*** Supplied material ***

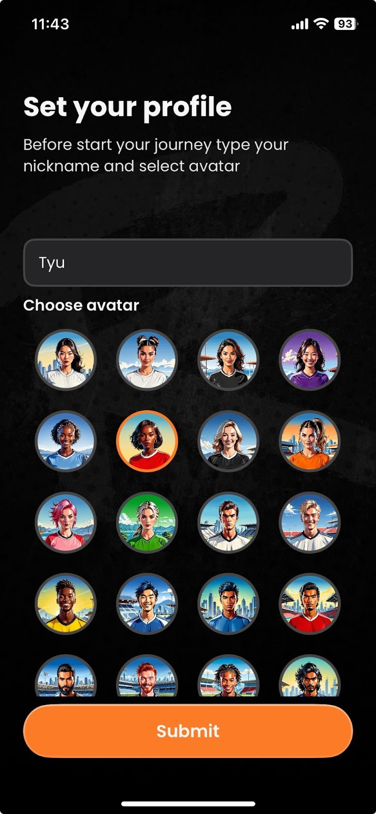 Después de registrarte mediante una de las opciones disponibles, se te redirigirá automáticamente a la página de configuración del perfil. Desde allí, solo tienes que elegir tu apodo, seleccionar tu avatar y pulsar Enviar para guardar tu perfil.
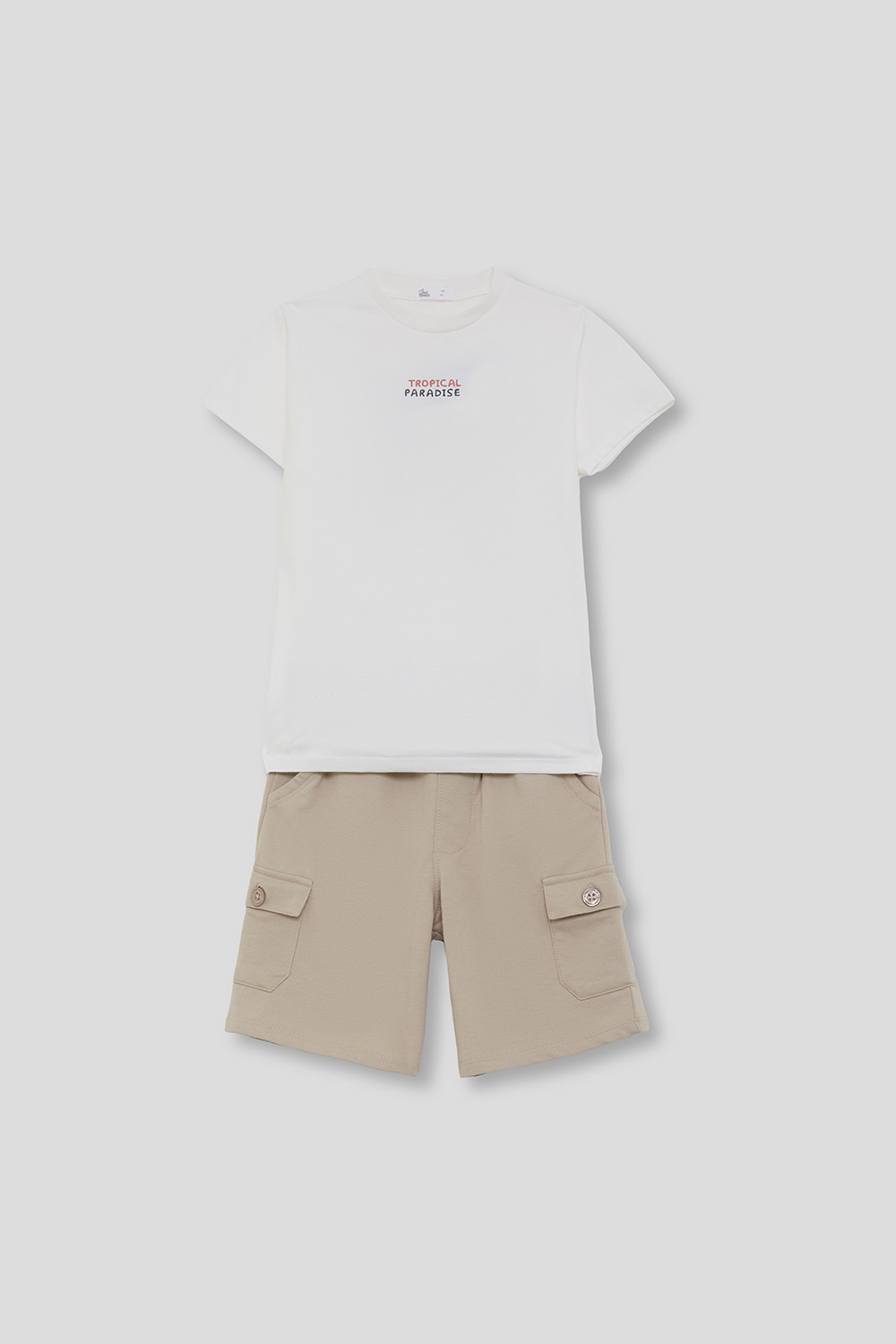 Σετ λευκή μπλούζα με σχέδιο στην πλάτη και μπεζ βερμούδα σε άνετη γραμμή.
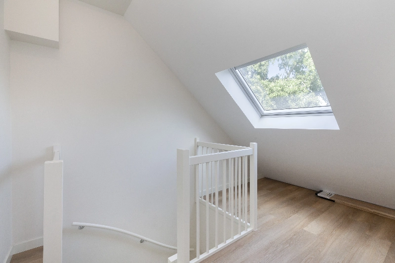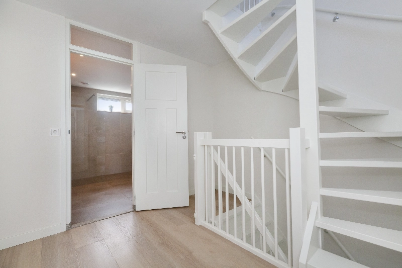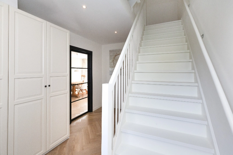 Via de brede trap bereik je de overloop op de eerste verdieping. Hier vind je strakke paneeldeuren, mooie wand- en plafond afwerking en de gehele verdieping is uitgevoerd met een eikenlook pvc-vloer.

***

Action item. Keep pictures out and return the lines from the one containing "Σετ λευκή μπλούζα" through the end of the listing, both included, character for character.

Response.
 Σετ λευκή μπλούζα με σχέδιο στην πλάτη και μπεζ βερμούδα σε άνετη γραμμή.
 Via de brede trap bereik je de overloop op de eerste verdieping. Hier vind je strakke paneeldeuren, mooie wand- en plafond afwerking en de gehele verdieping is uitgevoerd met een eikenlook pvc-vloer.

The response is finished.